Labor and The Greens have held up a “massive $13 billion investment in renewable energy” as a key benefit of the carbon tax package. It is one of the main things The Greens claim to have used their Senate numbers to negotiate.

But $3.2 billion of the money, for a new Australian Renewable Energy Agency, is recycled from existing programs over the next ten years.

It is positive that responsibility for these programs will be taken from Resources Minister Martin Ferguson, who is in the pocket of the coal and uranium companies. But this is not actually new money.

The rest, $10 billion, is for a Clean Energy Finance Corporation (CEFC). Only half of that money is set aside for renewables—the rest can be spent on vaguely defined “clean energy measures” which could include gas. While compensation for corporations will start in full next year, proper funding for the CEFC has been put off until 2015.

And as Melbourne University renewables experts Patrick Hearps and Dylan McConnell noted, “The budget provided indicates that most of this money won’t be available until the latter half of the decade, with only $944 million provided to 2015.”
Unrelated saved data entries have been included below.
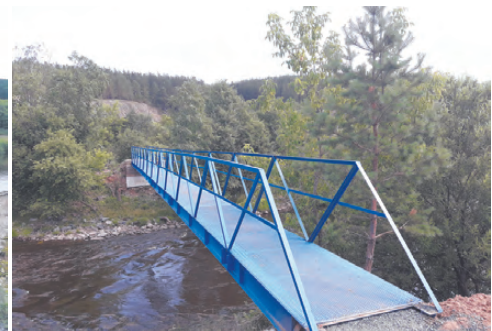
Новая переправа красива и надёжна.
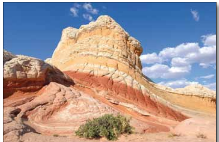
White Pocket/Pink Cliffs Vermillion National Monument
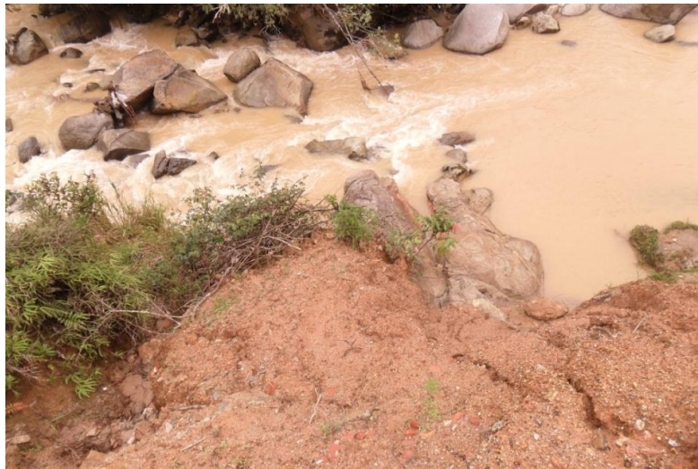
2. Material depositado en el Río San Matías
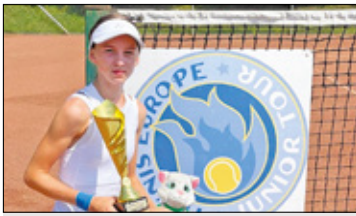
||| Piastów - Niezwykły talent sportowy s. 2
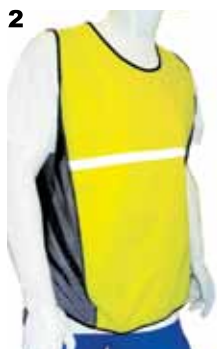
M- Colori a scelta per: -1 (1/A) girovita e (1/B) giromanica elasticizzati -2 sbieco non elastico sul perimetro
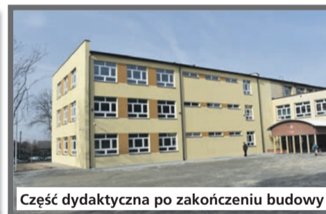
Część dydaktyczna po zakończeniu budowy
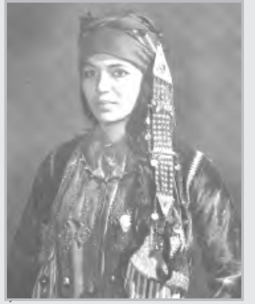
زي من قبيلة شمير
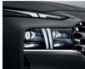
תאורה ראשית מסוג LED
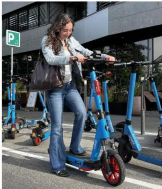
Les nouvelles trottinettes électriques Dott sont équipées de clignotants et d'une batterie améliorée.

Si Dott promet une « capacité de batterie multipliée par deux » ainsi qu'une « stabilité
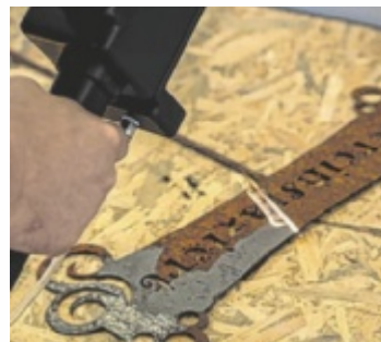
Präzise Laserreinigung

Eva Gusenbauer: In der Industrie, bei Maschinen, Werkzeugen, Stromschienen oder Metallteilen – aber auch in der Denkmalpflege, bei Oldtimern und in der Graffiti-entfernung. Sowie überall dort, wo
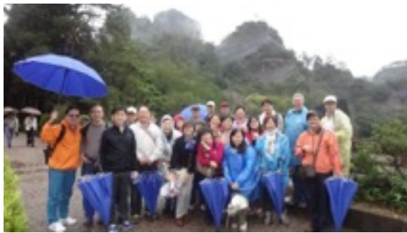
武夷山天游峰前合影
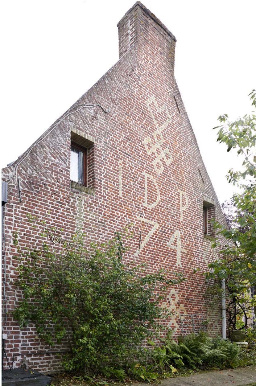
Détail du pignon ouest.
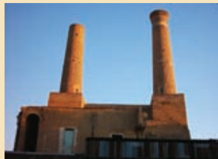
شکل ۱۶-۵- مناره‌های میدان کهنه
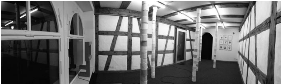
Ausstellungsansicht GERMANN | MARKE
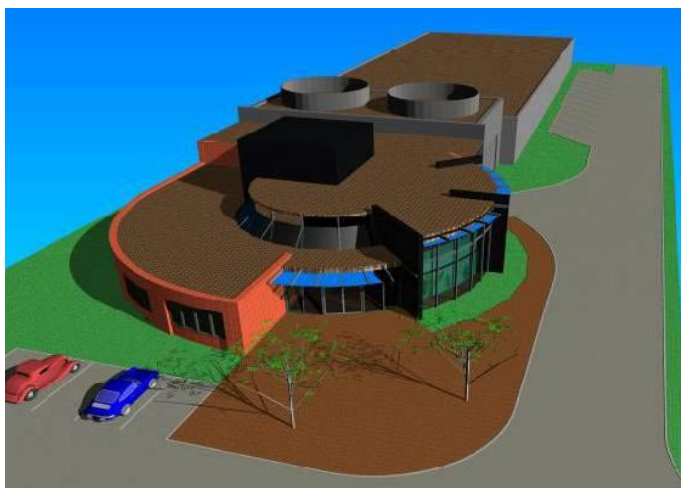
Studie nadzemní budovy teplárny

Co je ale mnohem důležitější, je fakt, že firmy neumí doposud dopředu garantovat úspěšné vytvoření podzemního výměníku. „I proto nejsou schopny a ochotny realizovat podobný projekt tzv. „na klíč“, upozorňuje starosta. Zde prakticky začaly problémy, s kterými se investor, tj. město Litoměřice, potýká dodnes a jejichž vyřešení je podmínkou započítání vrtných prací a dokončení celého projektu. „Konzultační firma, která stála na počátku přípravy projektu, byla
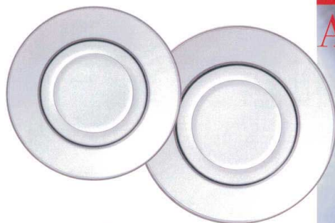
ツ452-21-2 27cmラウンドインプレート (φ27.2×3.2cm) ¥2,900 2121436031 ツ452-22-2 24cmラウンドインプレート (φ23.8×3cm) ¥1,900 2121436032
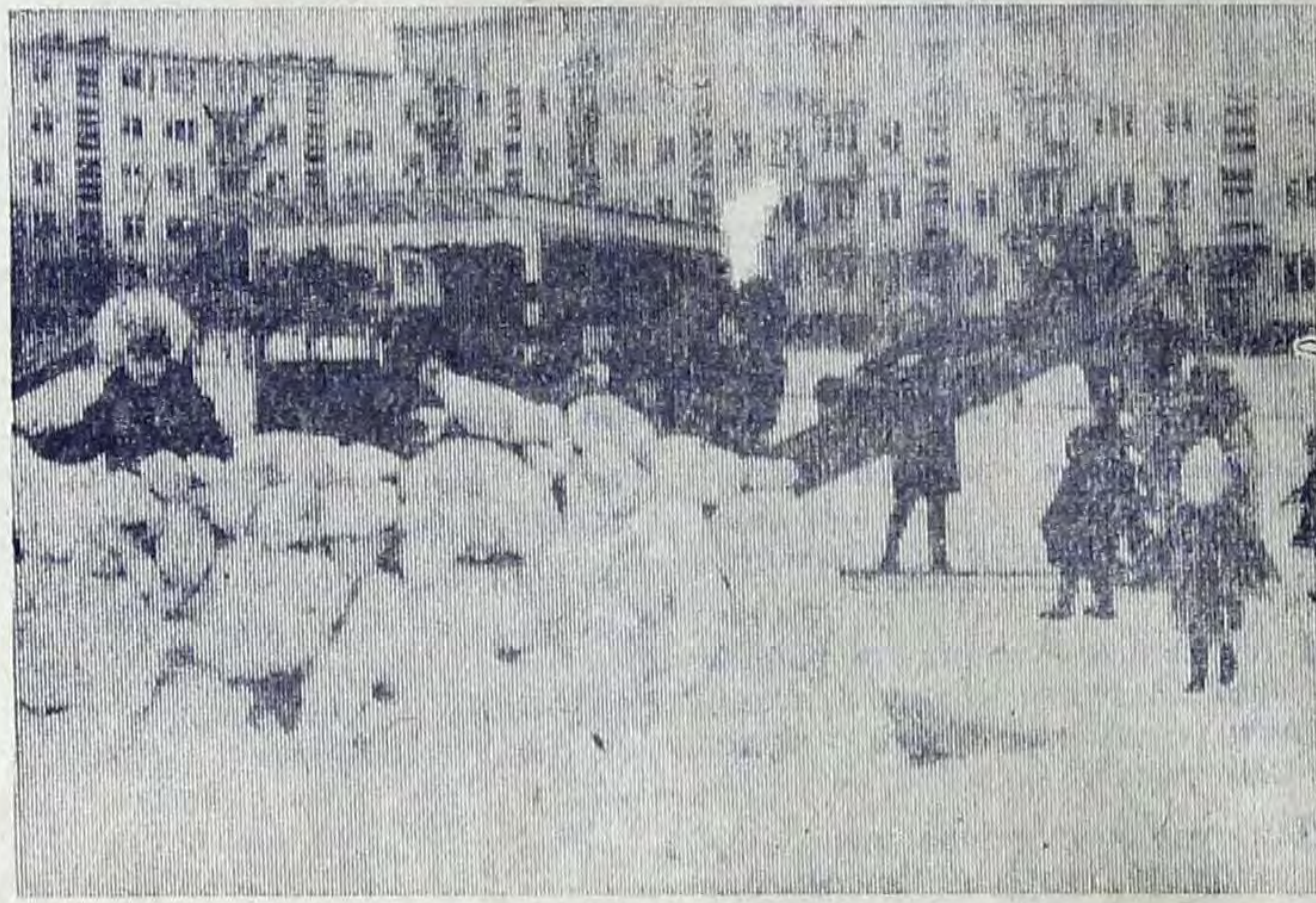
ПРИМЕТЫ ЗИМЫ И ВЕСНЫ. Последние снежные бастионы. Первые «кляксы» на асфальте.
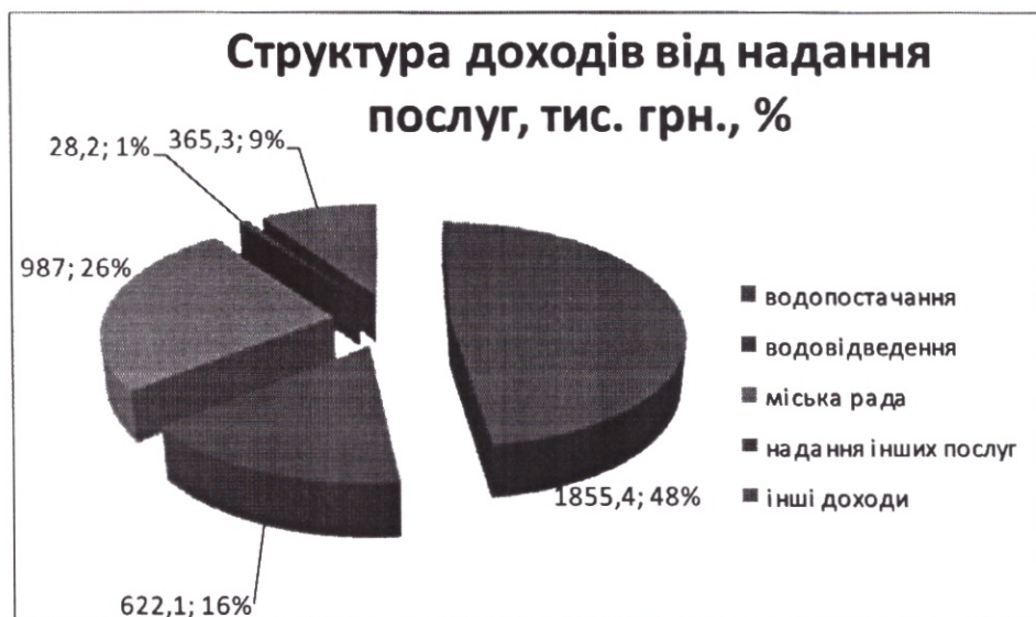
Рис. 3. Структура доходів від надання послуг КП «Водоканал» за I-й квартал 2020 року

інші операційні доходи – 365 тис. 206 грн., інші фінансові доходи – 0,1 тис. грн. (рис.3). Всього отримано доходів – на 3 млн. 858 тис. 040 грн.
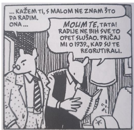
Slika 3. Maus , str. 46.
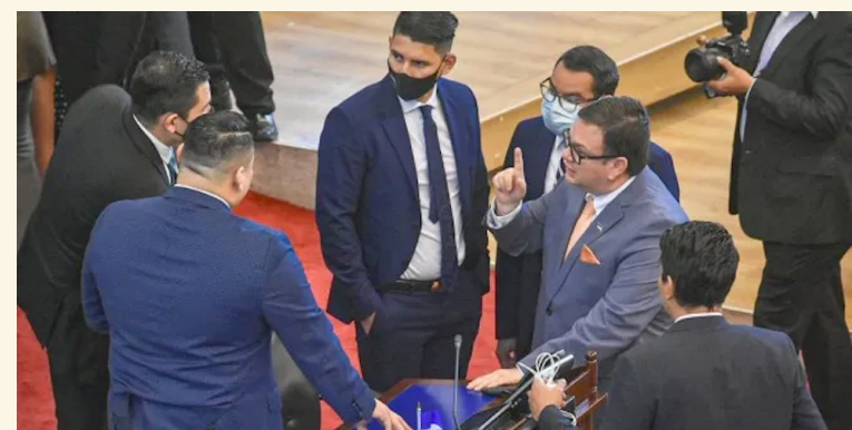
Nuevas Ideas aprueba de forma exprés, un préstamo por $500 millones.
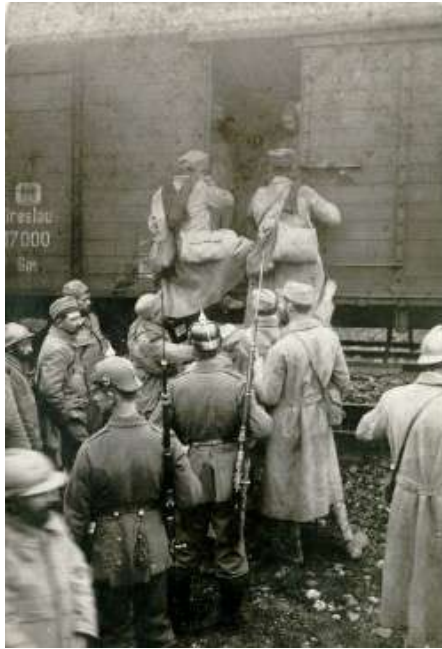
1916 - Prisonniers français montant dans un wagon sous la garde de soldats allemands, fusil à l'épaule.

Ces prisonniers français sont évacués vers l'Allemagne où ils seront maintenus en détention dans des camps jusqu'à la fin du conflit.
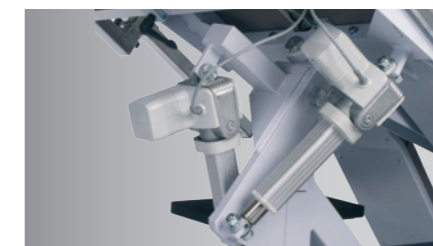
Motorverstellung für „neigen“ und „kippen“
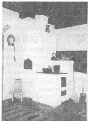
Interior cameră Casa "Sf. Ioan Iacob-Hozevitul"
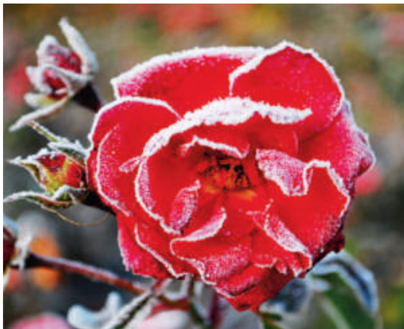
Wittstock hat seit Jahren den Ruf als „Stadt der Rosen“.
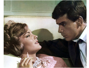
1961 BOCCACE 70 (Boccaccio 70), Il Lavoro de Luchino Visconti avec Romy Schneider
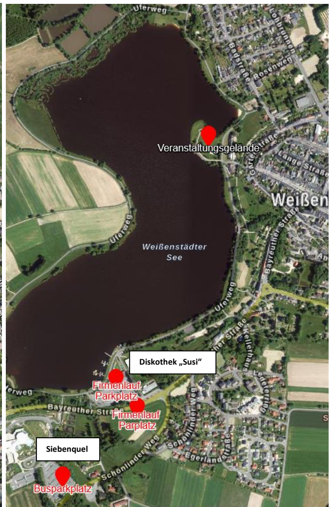
Busparkplatz am Siebenquell

Während der Anreisephase ist mit sehr hohem Verkehrsaufkommen und Staus in Weißenstadt zu rechnen. Bitte bildet Fahrgemeinschaften, um die Verkehrssituation zu entlasten oder verzichtet nach Möglichkeit bei der Anreise auf das Auto.
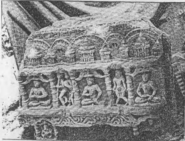
Figure 8: Narrative Scenes in a single stone-slab
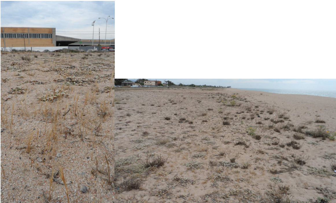
Fotos 17 i 18. La gramínia Vulpia membranacea , que rossega, colonitza el front de fora el TN1. Al centre de la imatge de la dreta s'observa el color ros d'aquesta espècie
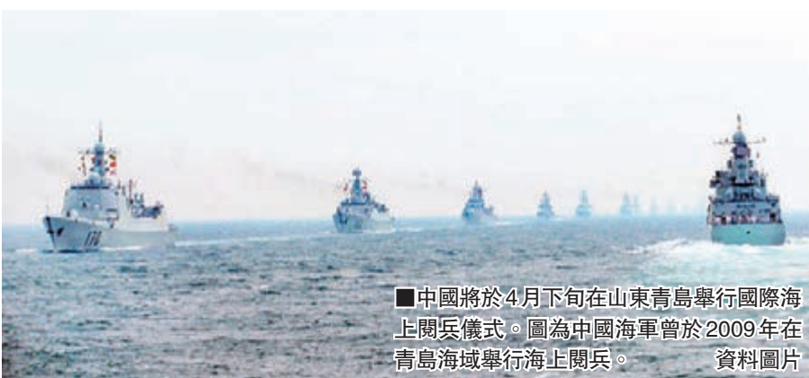
中國將於4月下旬在山東青島舉行國際海上閱兵儀式。圖為中國海軍曾於2009年在青島海域舉行海上閱兵。 資料圖片

本報聯繫青島當地消息人士稱,每年青島都會在4月舉行「軍艦開放日」等一系列海軍紀念活動,目前還未了解青島於今年舉行海上閱兵式的相關消息。但有內地軍事論壇稱,在4月23日會在青島舉行紀念海軍成立65周年海上閱兵式活動,並
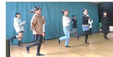
中浜小のダンスは、流行り曲で盛り上がりました。
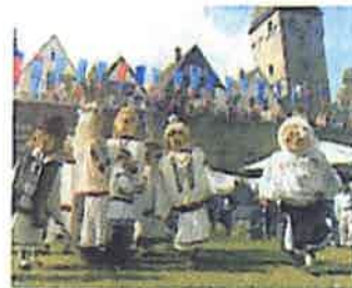
Int. Donaifest, Ulm/Neu-Ulm www.1150jahre.ulm.de
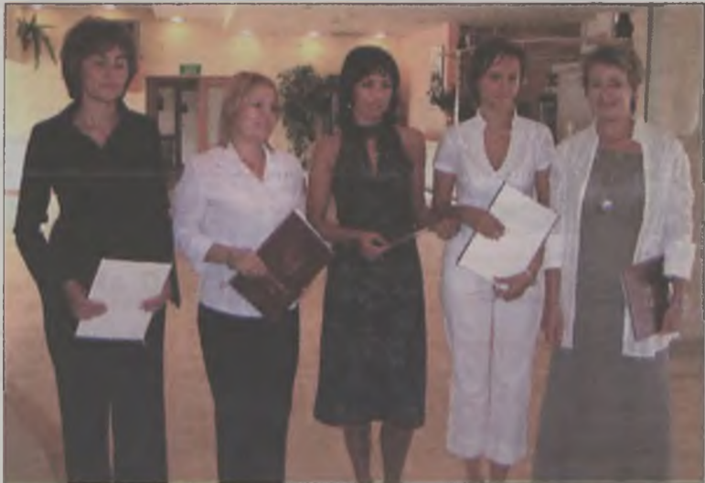
Akty nadania stopnia awansu odebrała tylko część awansowanych z Turku. Pozostali byli na wycieczce.

Kolejni nauczyciele z powiatu tureckiego w miniony piątek, 26 sierpnia odebrali akty nadania im stopnia awansu zawodowego na nauczyciela dyplomowanego.

The model for the new Clean Energy Finance Corporation is premised on securing most of the investment from business. Climate Change Minister Greg Combet told Climate Spectator, “it will be a commercially oriented body and is expected to earn returns on its investments… It’s not a grants body… It provides loans, loan guarantees or equity investments.”

Large scale solar misses out
But this model means it will not be able to deliver large-scale solar power plants, let alone solar thermal with storage—the technology Beyond Zero Emissions recommends. The advantage of storage is that it allows solar to operate 24-hours a day, so that it can provide baseload power to replace existing coal power stations. Otherwise it can only supplement the existing power plants when the sun is shining.

This is why Hearps and McConnell argue, “Low-interest financing may not be enough in itself to get first-stage renewables off the ground.” Solar thermal power will be much more expensive than fossil fuels until built on a large scale. Therefore only direct government support to subsidise power produced by renewable sources will see them built.

The only reason we are seeing the installation of wind turbines and rooftop solar panels at the moment is because they power they produced is subsidied through the federal government’s Mandatory Renewable Energy Target and state-level feed-in tariffs.

What would really make a difference is a government plan to start building the renewables we need, and subsidising the power produced. This could be funded through progressive taxes like corporate tax or hitting high income earners.

But because any projects funded with the $10 billion have to be profitable within the existing energy market, no new additional renewable energy will come from the $10 billion above what is already provided for by the 20 per cent Mandatory Renewable Energy Target and state government feed-in tariffs. So it won’t actually increase the use of renewable energy.

Leaving things to the free market is a disaster for renewable energy. This is shown by the Labor government’s existing Solar Flagships program, which requires the private sector to fund two-thirds of any project.

As a result we have seen renewables projects collapse. Solar Systems, the Victorian company which won government funding to build a solar plant at Mildura, was forced to close in 2009 when it could not secure enough additional private sector funding.

The carbon tax package won’t work for renewables. We need to fight for direct government investment and subsidies if we want to see any serious growth in renewable energy.